Each day it's becoming more apparent that Democrats are headed for a whipping in November unless they get their act together. While it's Barack Obama's job to rally voters, a lot of Democrats aren't sure he can do it. We feel that somewhere over the course of the last 20 months, Obama lost his mojo and, as a result, doesn't remember what he stands for or what the Democratic Party stands for. If Democrats are going to pull victory out of the fire, we're going to have to see passion from Obama; he's going to have to take off his gloves and fight.
Washington Post columnist E.J. Dionne, Jr. identified Obama's central problem: "The president's efforts to lay down a consistent rationale, argument, and philosophy have been sporadic. He has created a vacuum..." The candidate who many of us believed was a master communicator has failed, as president, to articulate his vision for the US.

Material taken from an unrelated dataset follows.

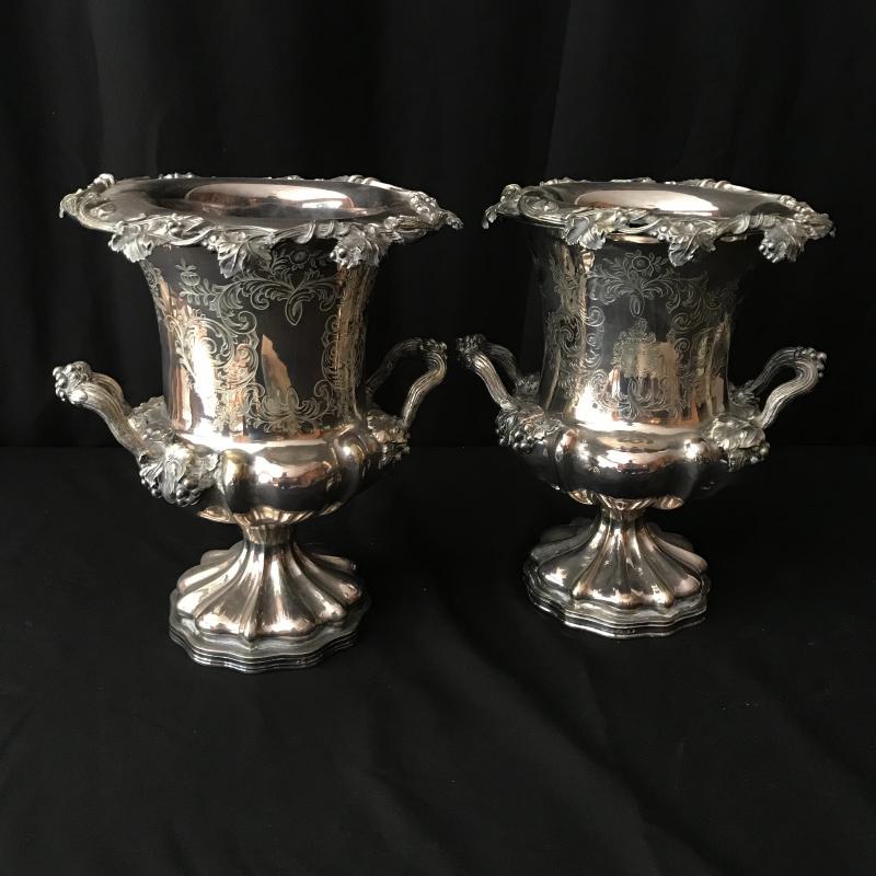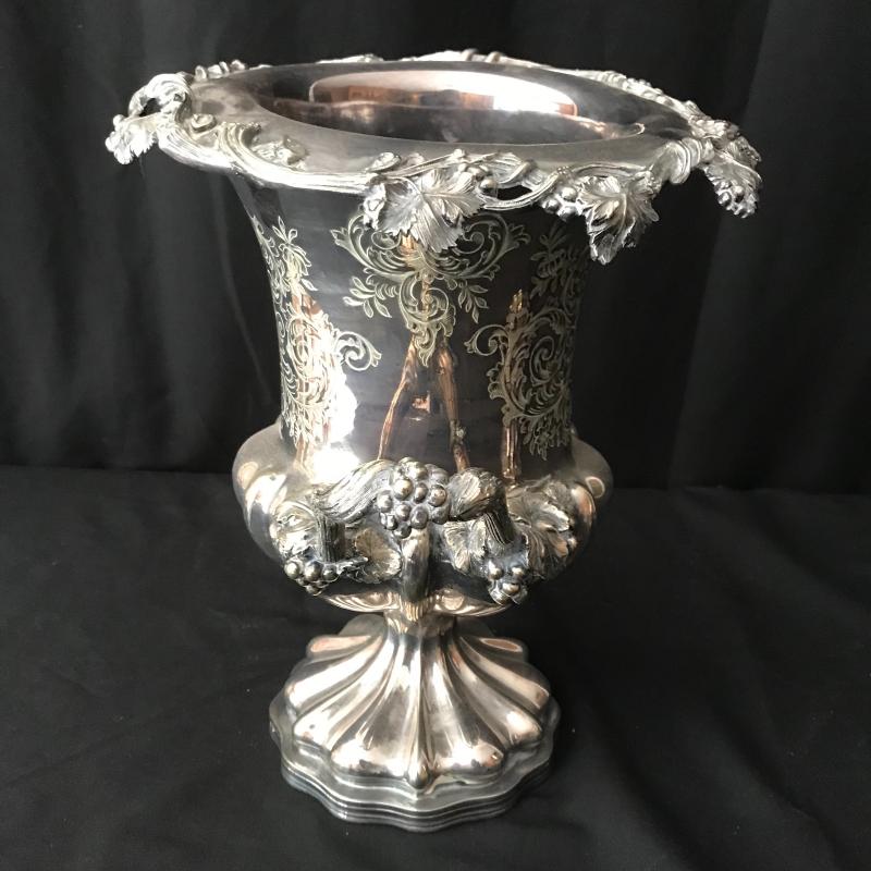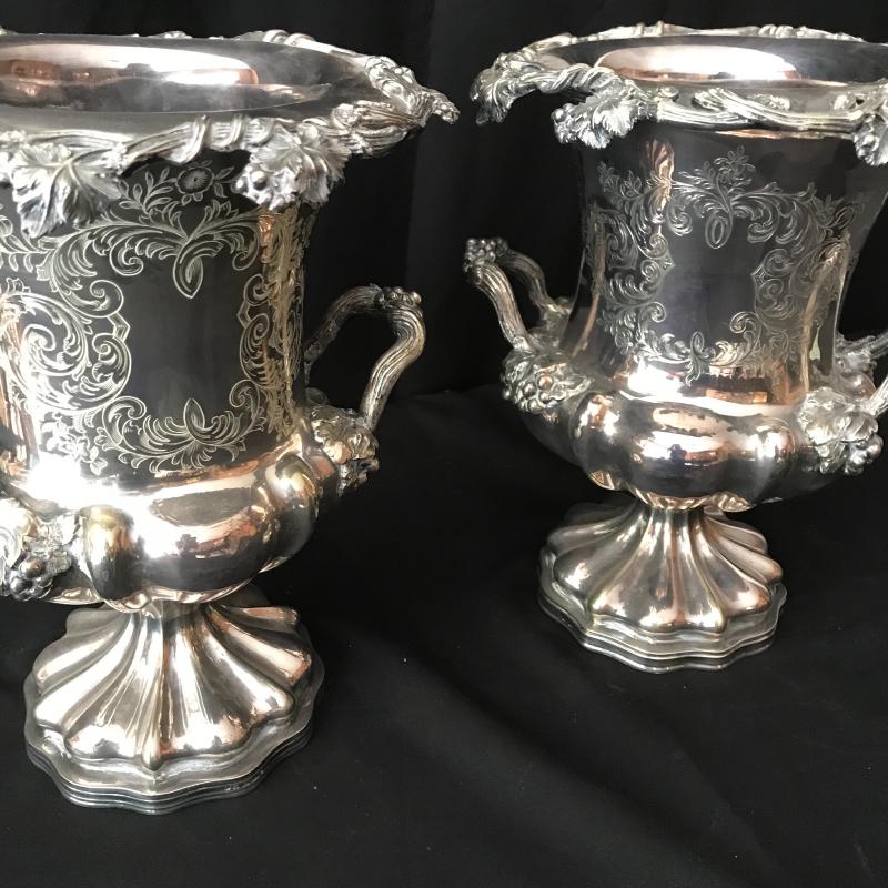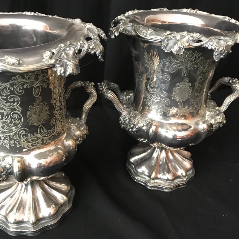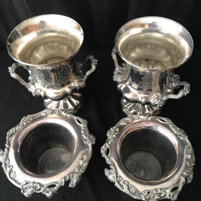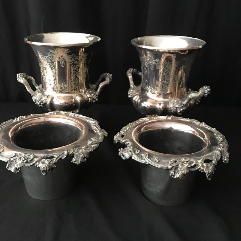 Add elegance to your next dinner with these matching silver plated wine/champagne chillers. Complete with removeable inserts to keep your bottles out of the ice water. Each chiller has a space to add a personal engraving. See photos. Measures approx. 10x12”. Shipping available.

As Drew Westen and George Lakoff observe, Barack Obama and the Democratic Party have lost control of the national narrative. Instead of being told that government can be a vital force for good, voters are inundated with conservative messages that government is the problem. Instead of being reminded that too much economic inequality is a bad thing, that it undermines our economy and democracy and violates our moral principles, voters are told taxation is unfair and beguiled by the failed promise of trickle-down economics. Instead of being informed that the success of the United States has been based upon a strong public enterprise and a humane form of capitalism, voters are seduced by the image of an open market and privatization of public services.
It's not too late for President Obama to seize control of the national narrative, but many of us are beginning to wonder whether he has the stomach for it.
Academic and political consultant Drew Westen argued that Obama's job is apparent: "What Democrats have needed to offer the American people is a clear narrative about what and who led our country to the mess in which we find ourselves today and a clear vision of what and who will lead us out."
Academic and political consultant George Lakoff agreed with Westen, adding it's vital to recognize the role of values: "Candidate Obama made the case that American is, and has always been, fundamentally about Americans caring about each other and acting responsibly on that care... Winning this election will require the right policies and actions, but it will also require moral leadership with honest, morally-based messaging."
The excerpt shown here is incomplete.